Namanya Lysistrata. Horeeee….
***
Angin di antara pohon dan pohon berhenti bertiup. Murid-murid di kelas ruang terbuka itu ribut. Mereka merasa tidak tahu siapa itu Lysistrata. Apa itu Yunani Kuno. Satu sama lain thingak-thinguk saling bertanya siapa yang punya ide membawa-bawa kitab yang ada Phanes-Phanes-nya itu. Tak ada seorang pun yang mengakui.
Akhirnya … Bu Guru ngacung dan cekikikan, ’’Iyaaaaa…. Saya ngaku…. Saya yang iseng nulis sendiri. Apa saya nggak boleh ikutan nulis surat ke Ibu Negara to?’’
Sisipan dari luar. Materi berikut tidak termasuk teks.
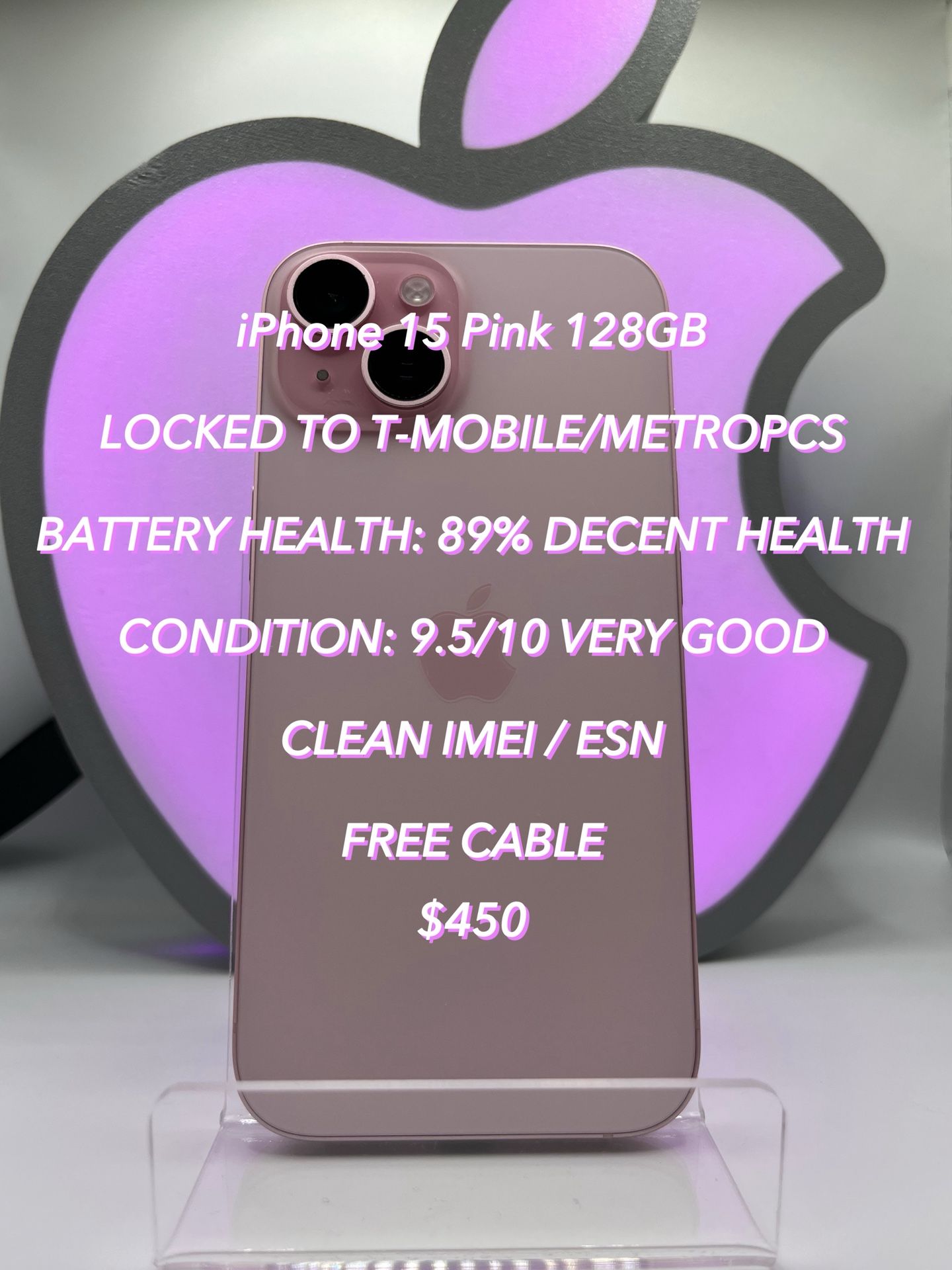 iPhone 15 Pink Carrier: LOCKED TO T-MOBILE/METRO Also: Mint, Ultra, Sprint, Google Fi, US Mobile Storage: 128GB Condition: 9.5/10 VERY GOOD Battery: 89% HEALTH NO ICLOUD LOCK / ACTIVATION LOCK CLEAN IMEI / NOT BLACKLISTED Price is FIRM - $450 available for pickup or meetup. Test the ring tone, camera, Face ID, speakers, phone call, whatever you like. π Everything is used purchased second hand, all sales final unless a warranty is directly stated.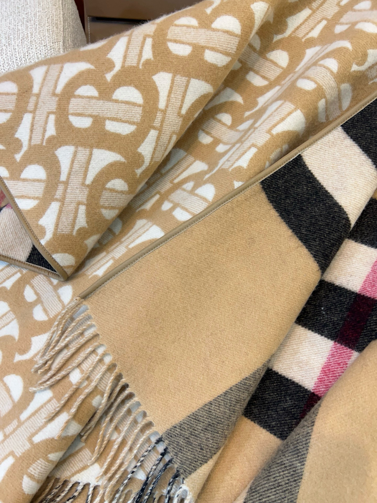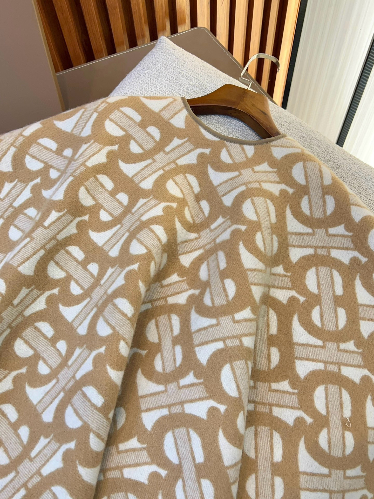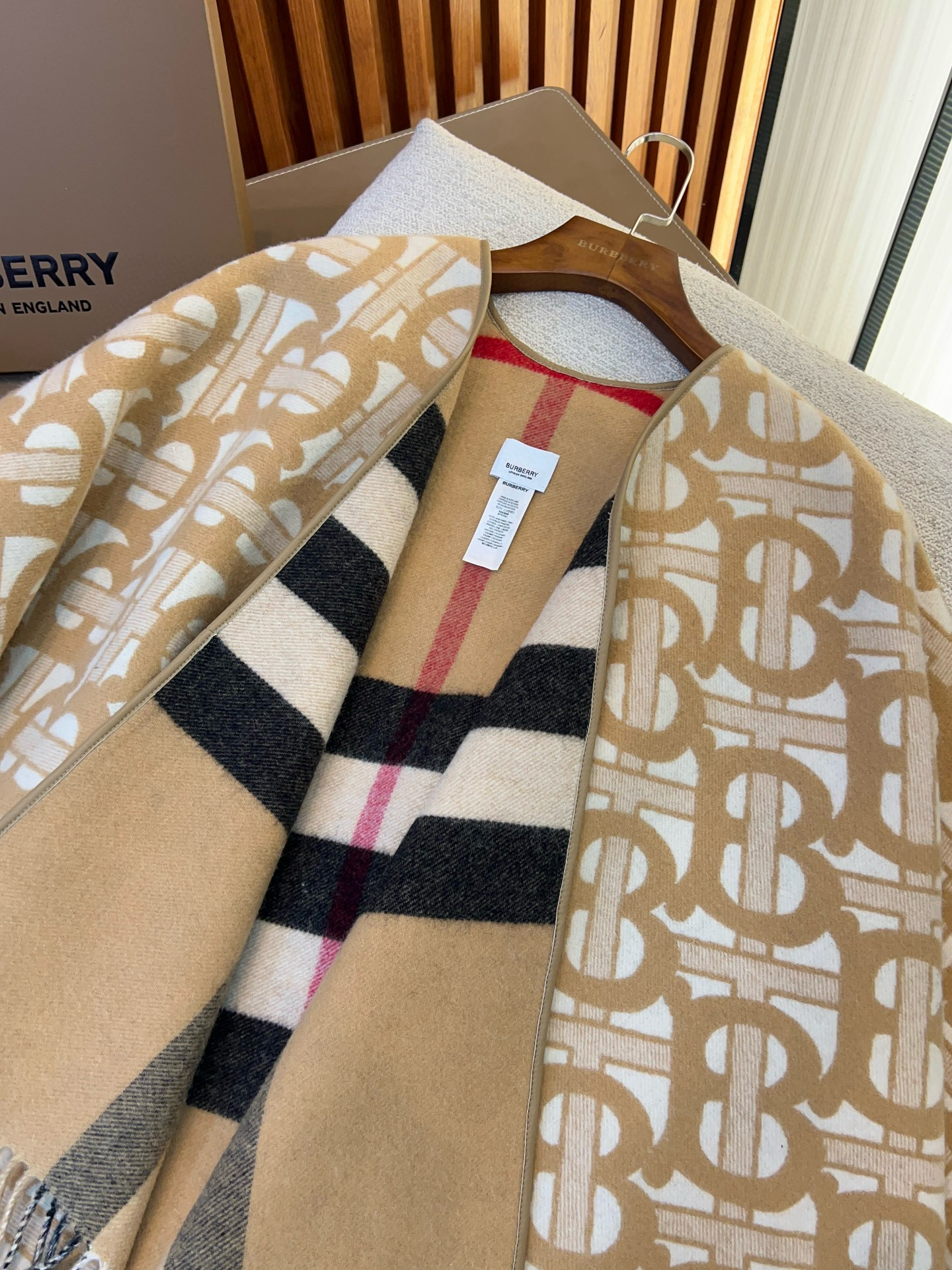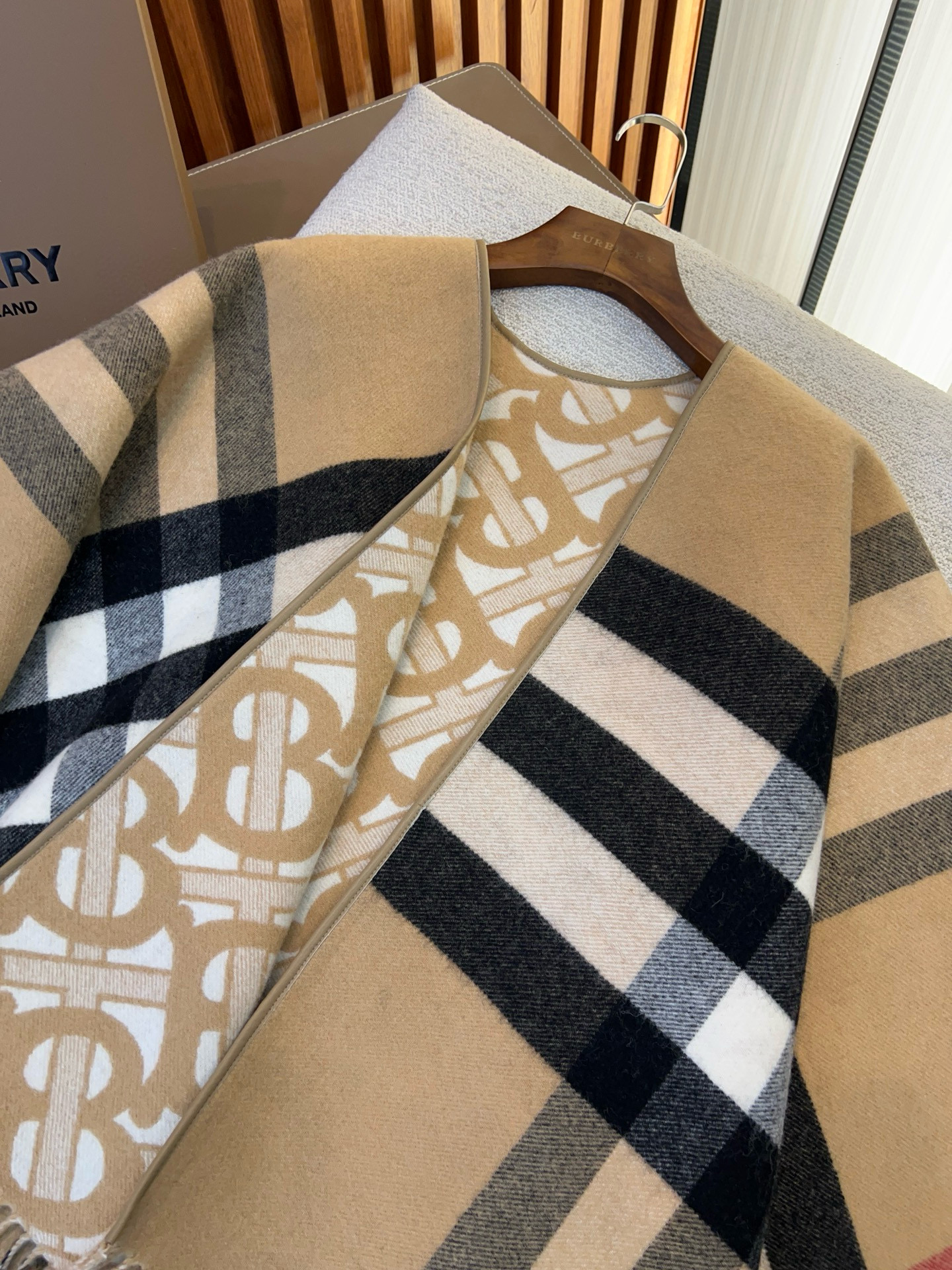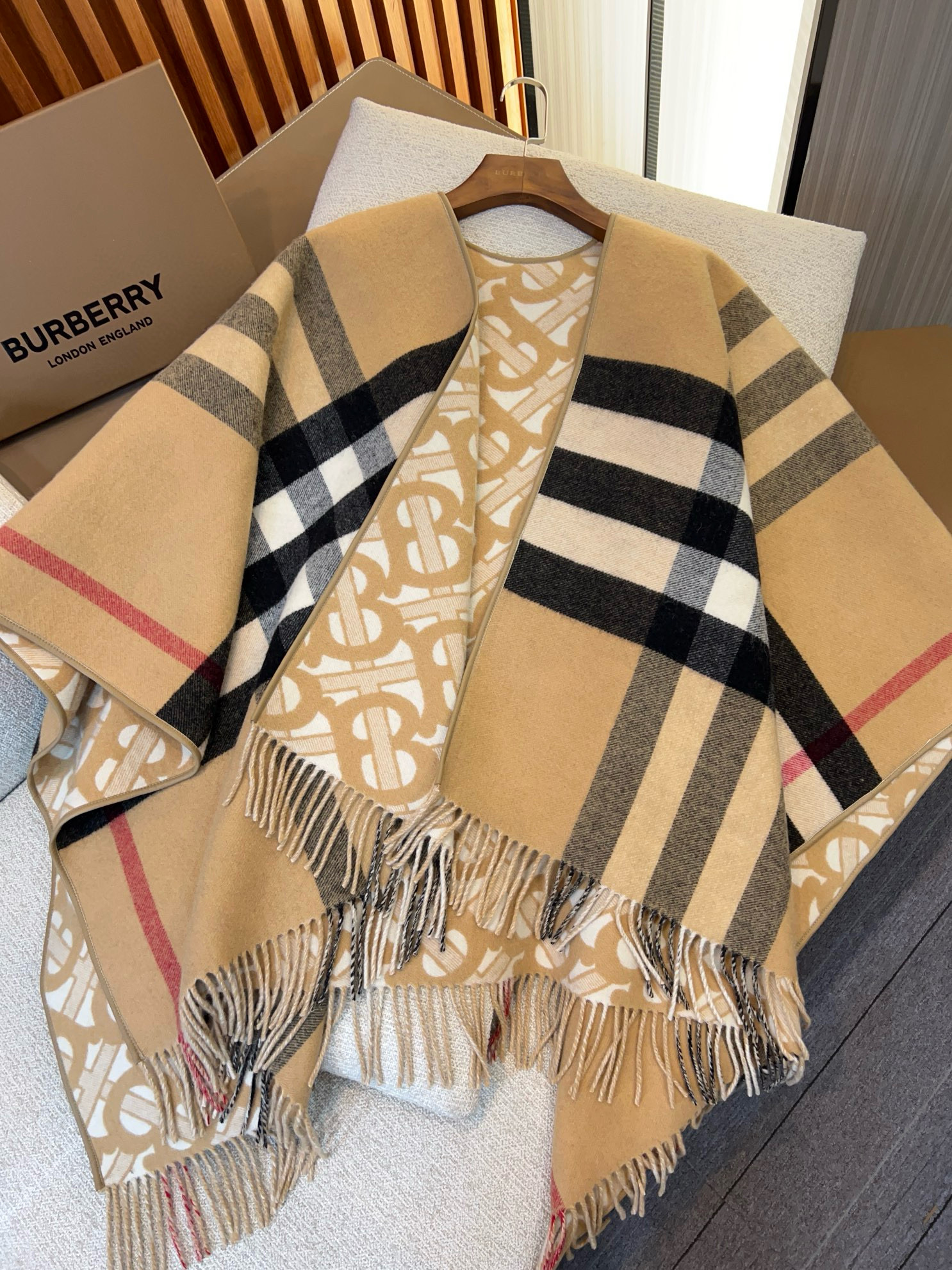 NIGO Burberry Women's Winter Reversible Khaki Wool Blend Shawl Poncho Cape #nigo97847

Bu Susi lalu menghapus idenya sendiri sembari melanjutkan rangkuman surat. Isinya sangat bervariasi. Sejak pertanyaan ke Ibu Negara tentang mengapa sekarang banyak preman, mengapa ada maling ala Robinhood yang belum lama ini ditangkap, mengapa orang-orang di penjara ngamuk, apakah ada laskar yang tiba-tiba baik … dan sebagainya.
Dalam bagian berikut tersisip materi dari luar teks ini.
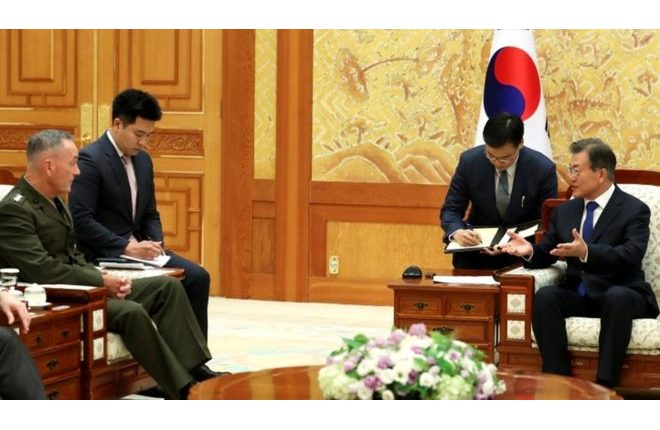 Mr Moon told the visiting top US military official that there must be a diplomatic solution to the crisis.

Setelah seluruh isi surat komplet tertulis di papan, Limbuk disuruh menyalinnya ke dalam kertas surat. Perawan tua anak Cangik itu memang dikenal memiliki tulisan tangan terbaik di antara puluhan peserta pemberantasan buta huruf.
***
Lain adegan. Tunggal cerita.
Di suatu rimba dekat Setra Gandamayit. Tiba-tiba ponokawan Gareng, Petruk, dan Bagong bingung. Surat titipan yang mereka bawa itu sebetulnya ditujukan kepada Ibu Negara mana. Para pemilik saham Ponokawan Cargo itu semula sangat yakin bahwa surat tertuju ke Dewi Banuwati, Ibu Negara Astina. Sebab, di pemberantasan buta huruf itu ada Limbuk dan Cangik. Keduanya abdi Kerajaan Astina.Di Setra Gandamayit mereka baru ingat ternyata peserta didik datang dari berbagai negara. Mayoritasnya malah tidak berasal dari Astina.’’Mungkin surat terbuka ini buat Dewi Tari, Ibu Negara Alengka,’’ kata Petruk.’’Ndak mungkin. Zamannya beda. Kita sekarang hidup di zaman Mahabharata. Dasamuka dan Alengka itu zaman Ramayana,’’ jelas Gareng.
’’Atau buat Batari Durga, Ibu Negara Kahyangan, Kang Gareng?’’ kata Bagong asal nyeletuk.
’’Ndak mungkin. Karena di kahyangan ndak ada preman. Lihat saja, surat terbuka ini kebak dengan pertanyaan soal preman, Gong.’’
’’Lha, terus surat ini buat Ibu Negara-ne sapa?”